We prove both Lemma 4 and 5 using an $\varepsilon$ -net argument. We first state a lemma that says that for any matrix $M$ , if we can bound the maximum value of $\left\lVert Mx\right\rVert_{2}$ over all points $x$ in the $\varepsilon$ -net, then we also bound the largest and smallest singular values of $M$ .

Lemma 6 (Adapted from [41]).

For any $\varepsilon<1$ , there exists an $\varepsilon$ -net $\mathcal{K}\subseteq S^{n-1}$ , i.e., $\forall x\in S^{n-1}~{}\exists y\in\mathcal{K}~{}\left\lVert x-y\right\rVert_{2}<\varepsilon$ , such that $|\mathcal{K}|\leq(3/\varepsilon)^{n}$ . For any matrix $M\in\mathbb{R}^{m\times n}$ , let $a=max_{x\in\mathcal{K}}\left\lVert Mx\right\rVert_{2}$ and $b=min_{x\in\mathcal{K}}\left\lVert Mx\right\rVert_{2}$ , then $\sigma_{max}(M)\leq\frac{a}{1-\varepsilon}$ and $\sigma_{min}(M)\geq b-\frac{\varepsilon}{1-\varepsilon}\cdot a$ .

Proof of Lemma 6: Let $x^{*}\in S^{n-1}$ be a vector that satisfies $\left\lVert Mx^{*}\right\rVert_{2}=\sigma_{max}(M)$ . Let $x$ be a vector in $\mathcal{K}$ such that $\left\lVert x-x^{*}\right\rVert_{2}\leq\varepsilon$ . Then $\sigma_{max}(M)=\left\lVert Mx^{*}\right\rVert_{2}\leq\left\lVert Mx\right\rVert_{2}+\left\lVert M(x-x^{*})\right\rVert_{2}\leq a+\varepsilon\sigma_{max}(M)$ , which implies that $\sigma_{max}(M)\leq\frac{a}{1-\varepsilon}$ . On the other hand, for any $y\in S^{n-1}$ , let $y^{\prime}\in\mathcal{K}$ satisfies $\left\lVert y-y^{\prime}\right\rVert_{2}\leq\varepsilon$ , then $\left\lVert My\right\rVert_{2}\geq\left\lVert My^{\prime}\right\rVert_{2}-\left\lVert M(y-y^{\prime})\right\rVert_{2}\geq b-\varepsilon\cdot\sigma_{max}(M)\geq b-\frac{\varepsilon}{1-\varepsilon}\cdot a$ . $\Box$

4.1 Multivariate Gaussian Distributions

In this section, we prove the case where the columns of the random matrix are drawn from a multivariate Gaussian distribution.
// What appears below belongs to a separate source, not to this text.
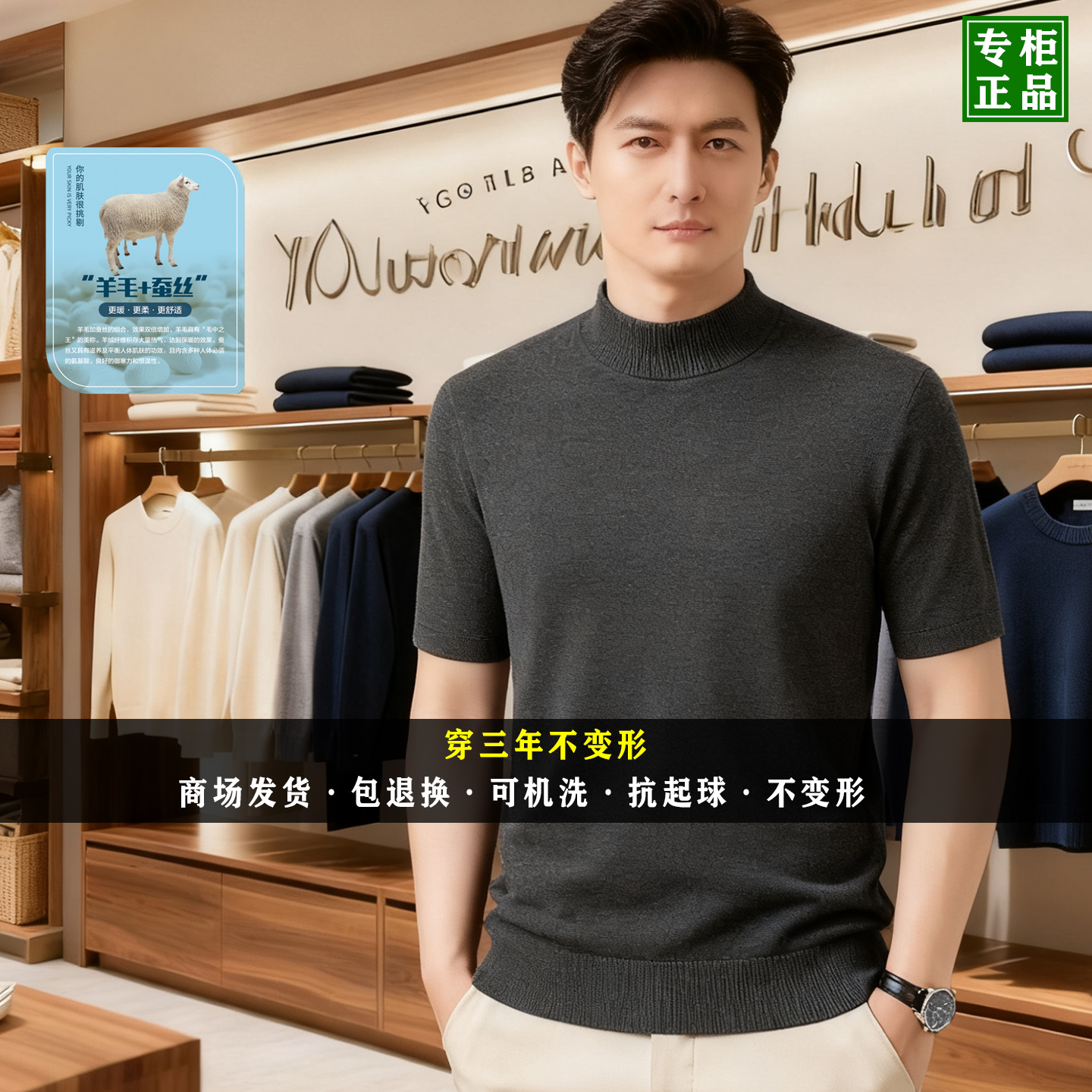 绵羊毛+桑蚕丝男士圆领短袖毛T恤

The key is again to prove that for every unit-vector, $\left\lVert Ux\right\rVert_{2}$ lies between $[c_{1}\cdot\mathbb{E}[\left\lVert Ux\right\rVert_{2}],c_{2}\cdot\mathbb{E}[\left\lVert Ux\right\rVert_{2}]]$ with high probability for some absolute constant $c_{1}$ and $c_{2}$ (Lemma 7). Lemma 4 follows from the combination of Lemma 7, 6, and the union bound.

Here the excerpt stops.